Screen International by Allan Hunter
Ma’ Rosa is atmospheric and involving to a degree but also feels as if we are in familiar territory.
Filipino director Brillante Mendoza’s neorealist indictment of police corruption looks unlike any other film playing in Cannes’ Official Competition. It’s just that what sets the film apart is its visual ugliness.
The Hollywood Reporter by Boyd van Hoeij
Troy Espiritu’s plot-driven screenplay and Mendoza’s preference for a gritty, documentary-like style mean that the final result is neither as deep nor as resonant as it could have been.
Time Out London by Geoff Andrew
If there’s nothing profoundly original or insightful here, there’s no denying the atmosphere of squalid authenticity, particularly in the scenes shot on the streets.

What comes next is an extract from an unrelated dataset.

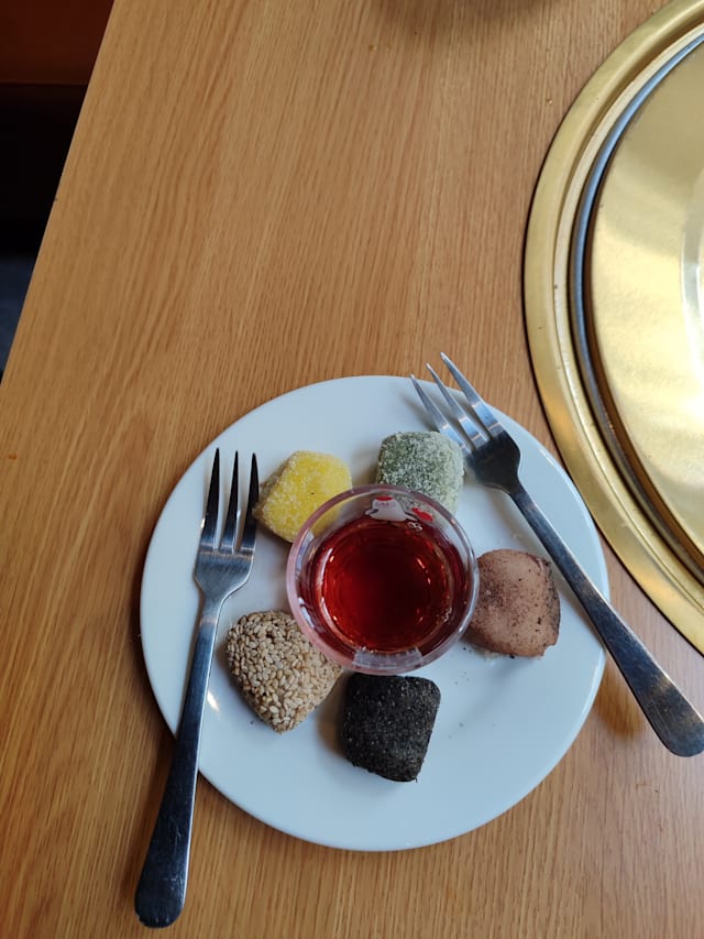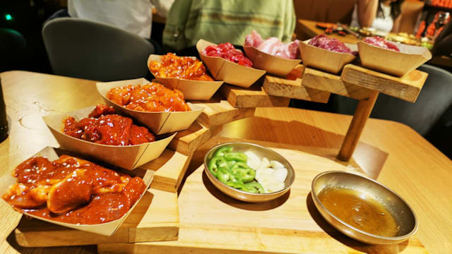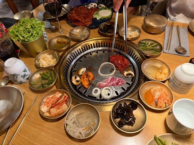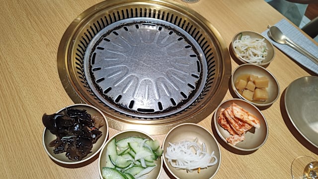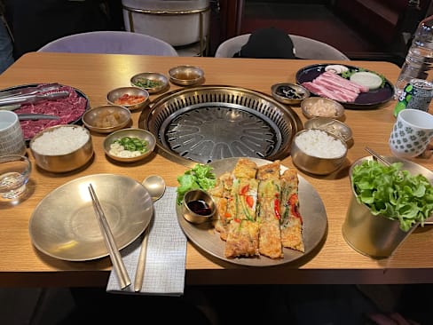 6/10The food (bulgogi beef) was good but cold. The table was subject to cold air coming from the cold. The ambiance was nice but noisy. Bottle of water and tea far overpriced. The Fork reduction was not applied.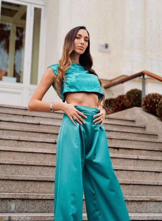Anche Manila Boff, ex volto di Uomini e Donne, oggi showgirl, ha indossato un abito dello stilista valdostano per una serata di Gala, durante la settimana Sanremese.

The nighttime tungsten orange of the street lighting and the urine-coloured neon of the interiors makes for a grueling visual experience which is why the daylight of the latter-half offers precious relief.
As in most of the director’s repertoire, he portrays working class family relations with unpretentious warmth. Boasting a simple, coherent plot shot with real-time, handheld verismo, it’s a work of understated confidence.
The Playlist by Nikola Grozdanovic
Purposefully joyless and bereft of any kind of aesthetic gratification other than the one found in Mendoza’s use of cinema verite and non-sentimental approach, Ma’ Rosa is tough-as-nails, and leaves you with a heaviness and a pulsating sympathy that’s impossible to ignore.
The Guardian by Peter Bradshaw
Ma’Rosa is made with control and clarity, a narrative purpose which is held on to despite an apparently aimless docu-style, and a clear sense of jeopardy. My reservation is that it doesn’t reveal much of what is going on in Rosa’s mind and heart.
The Film Stage by Rory O'Connor
We’re asked to empathize with Rosa from the get-go despite barely being able to make out whatever anguish she’s been suffering. Mendoza will rectify this late on in an emotionally earth-shattering final sequence, the type that lingers with you like a faint cry for help.